Thema:
Re:Die unbequeme Wahrheit [tl;dr] flat
Autor: token
Datum:24.09.19 13:23
Antwort auf:Re:Die unbequeme Wahrheit [tl;dr] von Pezking

>>Man kann aus Kapitalismus und Demokratie viel lernen. Kapitalismus zeigt uns mächtige Triebfedern auf mit Egoismus und Gier, dies kann man nutzen, man muss diese Gier aber auf echtes Glück und nicht falsches und nicht aufgehendes Glück kanalisieren.
>>Demokratie ist gut, Freiheit ist Menschen wichtig und ein wertvolles Gut, aber ein Staat muss in erster Linie seinen Bürgern und nicht der Industrie unterstellt sein und sich letztlich seine Autonomie wahren.
>
>Ja, und die soziale Marktwirtschaft ist IMO bereits die Folge aus diesen Lehren, die bereits in krassem Gegensatz zu dem Kapitalismus steht, der z.B. in den USA betrieben wird.
>

Das stimmt. Was aber auch stimmt, ist, dass wir uns seit 20 Jahren sukzessive dem amerikanischen Modell nähern statt das eigene Modell auszubauen und dort zu flicken wo es nicht funktioniert hat. Soziale Absicherung ist spitz auf Knopf auf Grundversorgung heruntergefahren. In der Gesundheitsvorsorge ist die Privatvorsorge mittlerweile eine eigene Schiene die das ganze System mitträgt, Zusatzleistungen die mal Grundleistungen waren werden über private Zusatzversicherungen bedient. Die Altersvorsorge wurde zu einem Teil auch auf Privatvorsorge gemünzt.
Hier gab es einerseits Mehrbelastungen die der Eigenverantwortung untergejubelt wurden, gleichzeitig ist das Versorgungsniveau an allen Fronten auf einen besorgniserregenden Zustand errodiert.
Das mag aus amerikanischer Perspektive immer noch revolutionär ausschauen, wenn man sieht wo wir herkommen und wo wir sukzessive hinsteuern, dann wird das "sozial" in der Markwirtschaft zunehmend zur Makulatur.

>Aus dieser Idee wurde bereits in der Praxis ein gesellschafts- und wirtschaftspolitisches Leitbild. Man muss nur noch deutlich mehr (ziemlich große) Schritte weiter auf diesem Weg beschreiten.
>

Wie gesagt, wir gehen aktuell rückwärts.
Zudem ist die Klimakrise ein echter Bock.

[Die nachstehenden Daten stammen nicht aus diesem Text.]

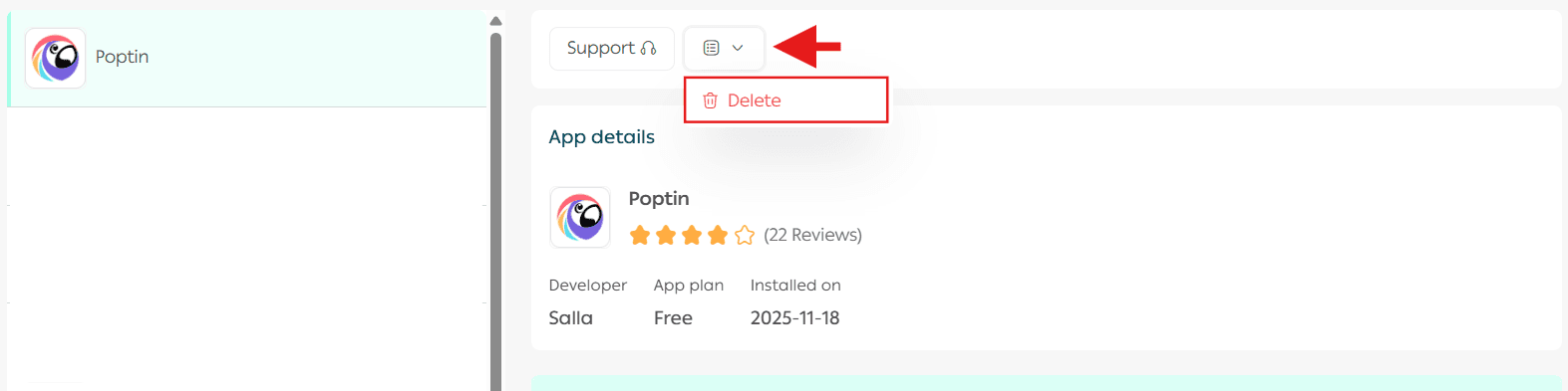 - Locate Poptin, click App Options, then select Delete App.
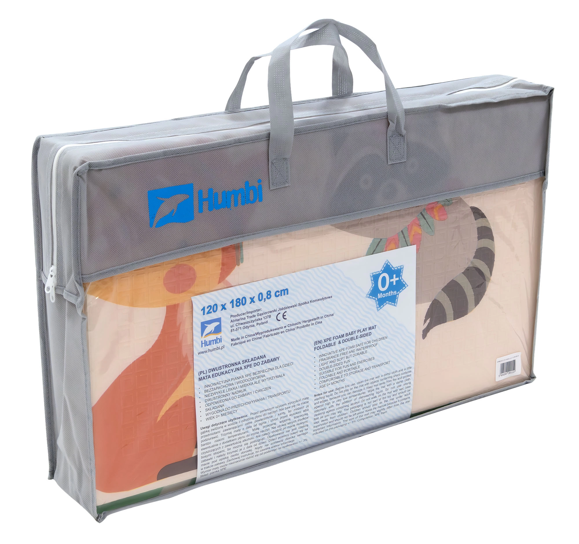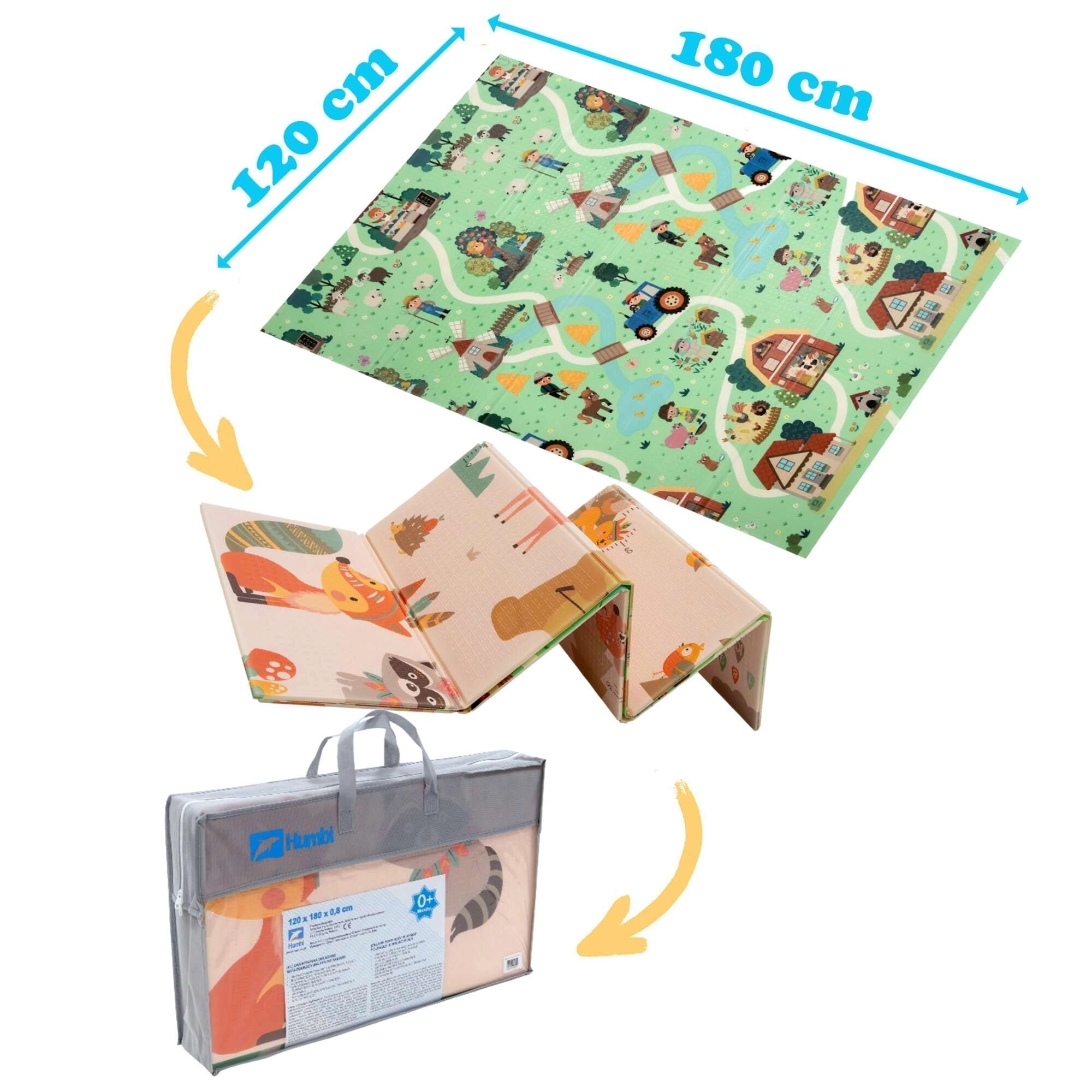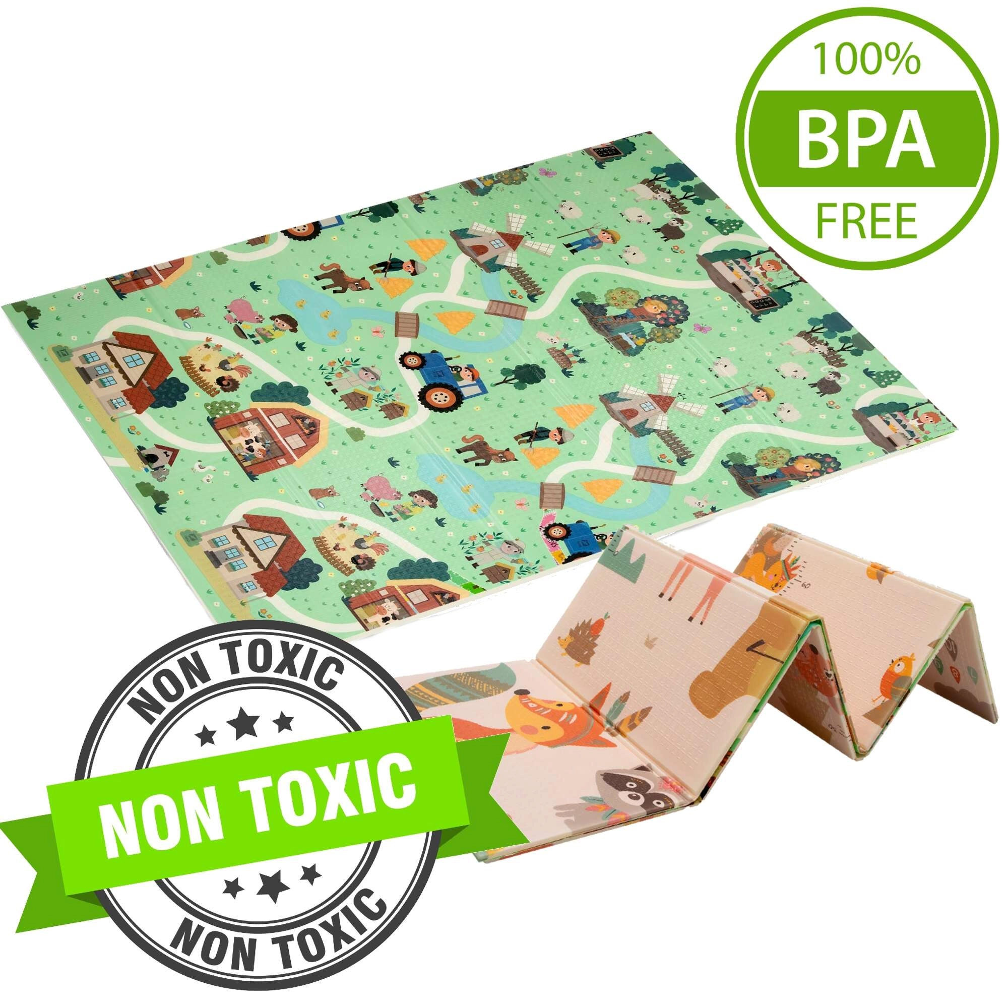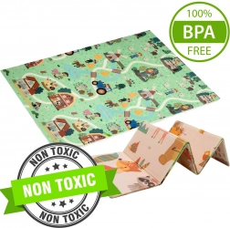 A prémium XPE hab szagtalan, nem mérgező és tartós. A 0,8 cm vastagság kiváló hidegszigetelést és kényelmes párnázást ad kúszáshoz és az első lépésekhez. A kétoldalas nyomat támogatja az érzékszervi fejlődést, és kreatív játékra ösztönöz kisautókkal az utakon, illetve az állatok felfedezésével.
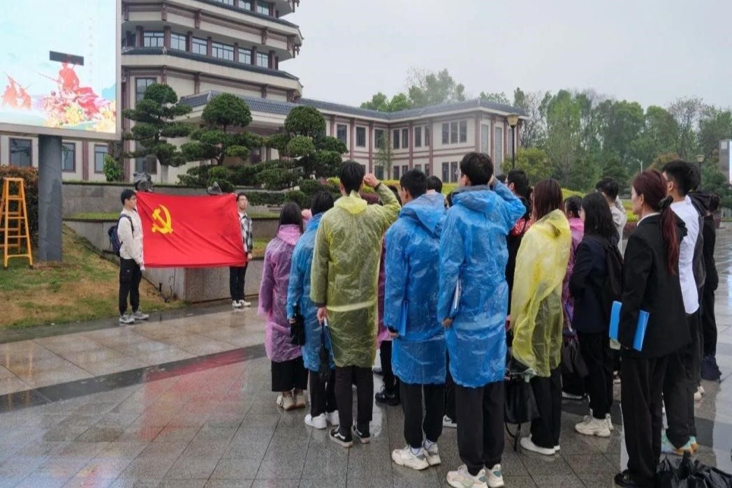 活动伊始,设一支部的党员同志们在湖南革命陵园的入口集合,随后一同前往人民英雄纪念碑前敬献鲜花。在人民英雄纪念碑前,设一支部的党员同志们全体肃立,唱国歌,向为中国人民解放事业和中华人民共和国建设事业英勇献身的烈士致以崇高的敬意。依次献鲜花后,设一支部的党员同志们移步至纪念碑一侧,面向党旗而立,重温入党誓词。“随时准备为党和人民牺牲一切!”一声声铿锵有力的誓言彰显着新时代大学生党员应有的朝气和韧劲。

Es wäre bspw. denkbar weiter auf Wachstum zu setzen, die Verwaltung rüchzubauen, sunk costs aus der Verwaltung in Sozialsysteme zu schichten, und dort wieder Kapital und Jobs zu generieren. Die Kapitalerzeuger müssten sich damit arrangieren können, denn das wäre das Spiel, linke Tasche, rechte Tasche, für sie würde sich im Grunde nichts ändern. Aber ihre Kapitalerzeugung fußt nun mal auf Wachstum. Und diesen können wir uns nicht mehr leisten. Zudem, der Überfluss an Kapital der unseren Wohlstand unterfüttert basiert zu weiten Teilen auch auf Ausbeutung.

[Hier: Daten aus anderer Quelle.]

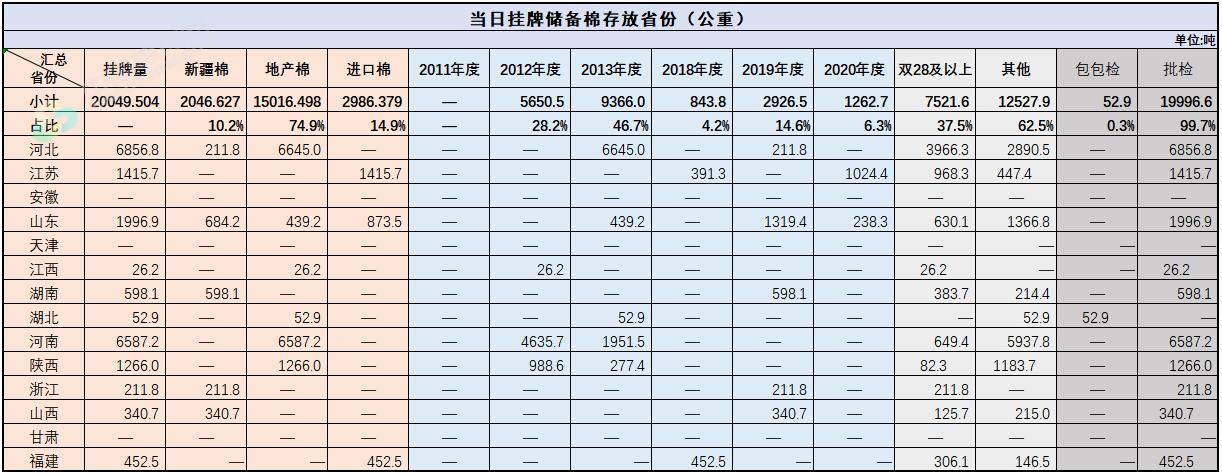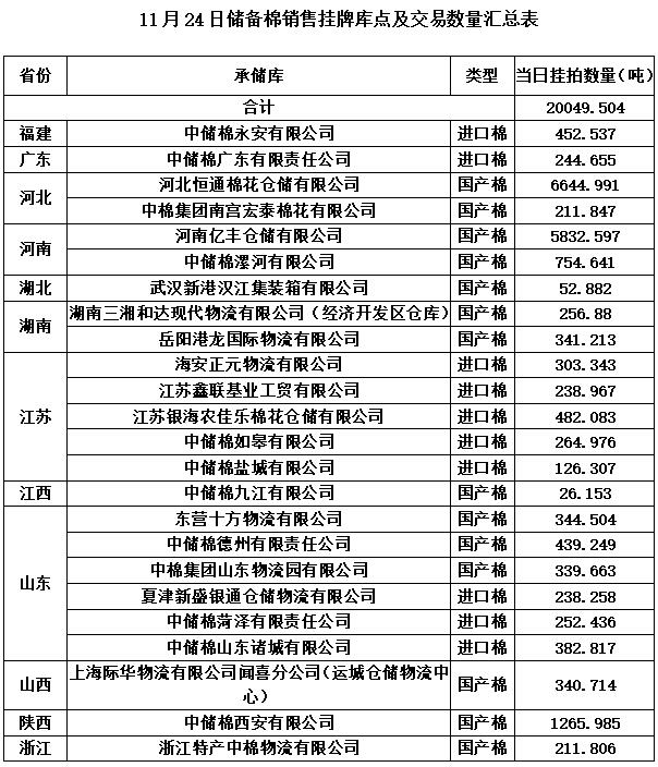 中國儲備棉管理有限公司定于11月24日通過全國棉花交易市場上市銷售中央儲備棉重量20049.504噸,共87捆。具體庫點(diǎn)及數(shù)量見下表。

Insofern steht man hinsichtlich solcher Probleme schon vor einer beeindruckend steilen Wand die mit konservativer Evolution des bestehenden Systems nicht mehr zu erklimmen ist.

>Die Politik hat bereits genug Werkzeuge in der Hand, um klimafeindliche Interessen der Wirtschaft weiter in die Schranken weisen zu können.
>
>Wir brauchen keine Revolution. Wir brauchen "nur" noch Politiker, die das auch mit aller Konsequenz tun wollen. Möglich ist das in unserer aktuellen Staatsform allemal. Und wir brauchen genug Bürgerinnen und Bürger, die diese Politiker auch tatsächlich wählen.
>
>Und vor allem dürfen wir uns nicht einreden, dass die Demokratie potenziell dem Fortbestand der Menschhein im Wege steht.
>
>Wenn wir irgendetwas auf gar keinen Fall schwächen dürfen, dann die Demokratie.


Den letzten Satz unterschreibe ich. Demokratie ist nicht der Fehler im System. Demokratie ist auch nicht integral verwoben mit Turbokapitalismus. So wie Turbokapitalismus nachweislich auch wunderbar mit undemokratischen Systemen harmoniert, so ist Demokratie auch ohne so ein Wirtschaftsvehikel möglich.